Studying climate impacts

Phytoplankton, particularly in the North Atlantic, play an immensely important role in climate regulation.

“It’s hard to believe but over a period of just a few weeks, more than one third of the total carbon fixed by phytoplankton during the annual cycle in this region is drawn down. This is the spring bloom – a gigantic and rapid growth of phytoplankton that typically occurs around April – and along with a smaller bloom that takes place in the fall, it makes the North West Atlantic one of the most productive ecosystems in the world ocean.”

With carbon dioxide acting as the largest contributor to global climate change, the applications of data collected through the NAAMES project are of critical importance for climate scientists and policymakers alike.

“This year was not only the warmest year on record, but dramatically warmer,” says Dr. Gibson. “In addition, 2015 was also the first year to breach 1°C above pre-industrial climate temperatures”.

The role of phytoplankton in drawing down carbon dioxide is only part of the picture, though. The other half lies in the volatile organic compounds, or VOCs, that phytoplankton emit back into the atmosphere.

“They can form secondary organic aerosols which are basically just tiny organic droplets that act as what we call cloud condensation nuclei,” explains Dr. Craig. “One of the aims of NAAMES is to see what role phytoplankton — both in their abundance and type — play in the formation of these secondary organic aerosols, which may in turn affect cloudiness in our region, which in turn affects the entire climate.”
Harvesting data

The way this sort of data is collected is impressive in its own right: the researchers will make use of a C-130 Hercules aircraft loaded with state-of-the-art instruments for measuring trace gases and aerosol composition.

“It has instruments that can look up through the atmosphere as well as down through the atmosphere, and also a powerful laser to characterize particle distribution not just in the atmosphere but also down through the ocean as far as 40 meters,” says Dr. Gibson. “There’s also a research vessel called The Atlantis and, four times over the course of the 5-year mission, it steams out past Nova Scotia towards stations near Newfoundland. During each mission the Atlantis research vessel visits six stations, spending a couple of days at each, with the aircraft flying around, characterizing clouds and aerosols, including aerosols of biogenic origin from the ocean.”

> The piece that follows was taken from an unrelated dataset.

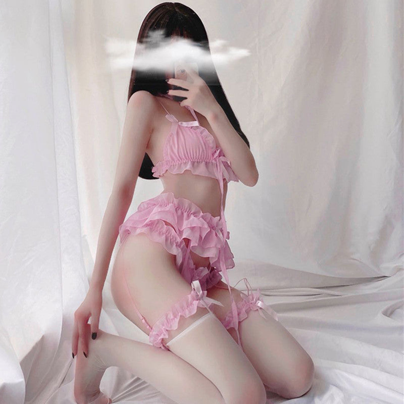 Set includes: neck ring + bra + garter + panties + leg ring * 2

Measuring levels of tiny plankton from the sky is something of a specialty for Dr. Craig in particular, whose algorithms to measure populations of the microscopic organisms based solely on ocean coloration garnered her international acclaim prior to her work with the NAAMES project. These aerial measurements are then verified using a series of more up-close measurements such as classic ecological sampling and a brand new holographic microscope designed by a Halifax based company called 4-Deep.

As Dr. Craig describes, the microscope allows the researchers to “take thousands and thousands of holographs of all the samples of water. Along with my colleague, Dr. Julie LaRoche (Dal, Biology), we are in the process of ‘training’ it right now. We tell it what each image is and it builds up a library with the ultimate goal being to have an instrument that can both count what’s there and also identify what exactly is there in the water.”

While the international climate research community awaits the results of the ongoing study, just having the research here has already been a draw for students and researchers alike — both Drs. Gibson and Craig have been working to incorporate their students, from undergrads to postdocs, into the project.